I am committed to navigating this current landscape differently. I will likely continue to use social media, though I will not allow it to use me. I will be more mindful of what and how I share information. I will honor other’s choices of what and how they share, and I will honor how those choices land for me. I decide what friendship means to me, and I will not demand that my parameters govern other people’s choices. And if I am left to learn of something profound that is happening for you along with all the masses, I will take my place among them. I will recognize, and I will accept my place in your life.

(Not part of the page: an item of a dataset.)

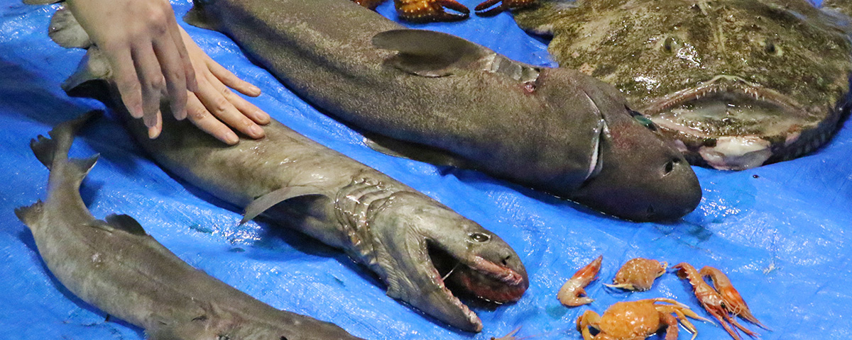 ミツクリザメ、ラブカ、メンダコなど大小さまざまな深海生物約30種の標本タッチに加え、ヌタウナギ、オオグソクムシなどにさわれるイベントを開催!参加者には、深海生物を学べるオリジナル冊子をプレゼント。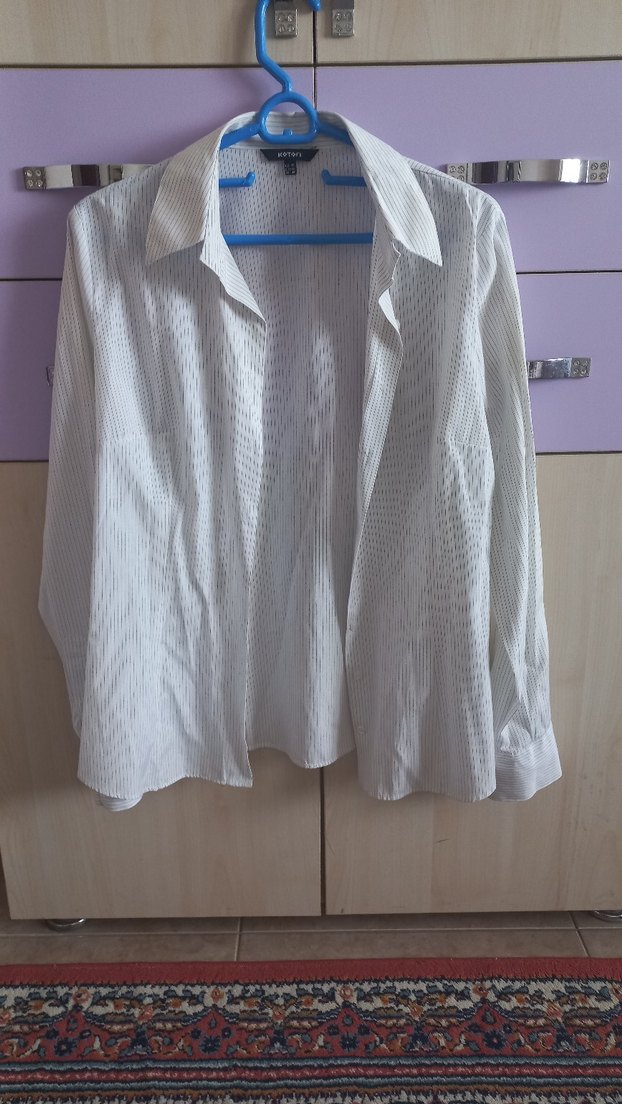 Beyaz keten, pliseli dokulu, uzun kollu, yakalı ve bol kesim kadın gömleği. Ofis ve günlük kullanıma uygun, minimalist tarzda.

This time of pandemic is a profound resetting of priorities for me. Levels of friendship and relationship are high among those re-evaluations. Social distancing has taught me how distant our current culture has become. Media is convenient, yes. And it is also in many ways disconnecting. Media rapidly reaches many people. It does. Yet it is more vital to me to touch a few hearts. It will take longer. And I suspect it will mean more.

It is often said that when times are tough you find out who your real friends are. That has been supremely born out for me in the past couple of years. A huge weeding of this garden has occurred. Some of that was of my intentional action. Some of it felt as if it happened independent of my own choices. Either way, there is plenty of room for new and existing flowers to grow. New ways of relating to flourish. New depths to be plunged and new heights to be soared. I am open and I am ready for it. It is a risk I am willing to risk.

It is not enough for me to simply remember when friends were really friends. I want that now. It is a perspective and an experience that I am actively cultivating. Part of that for me involves less media and more immediacy. I will undoubtedly miss events, birthdays, and life occurrences. I am sorry for that. But I will not miss the things that are happening for people who truly see me as a friend that they directly include in the moments of their life experience. And then if I do miss something, I will be told I was missed.

I have a great number of social media acquaintances. I have very few social media friends. I get to choose how I see that distinction, and how I relate to it. I see it in perspective. And I am using the framing to awaken me to the rare and precious gift of intimate friendship. I am vowing to make more direct contact, and to share at a deeper and truer level. You, my friends, will not learn of what is important to me along with the masses. You will hear it directly from me. If for convenience and expediency I need to share in order to disseminate sensitive information you will have known it first.

I am remembering when friends were friends by being that kind of friend now.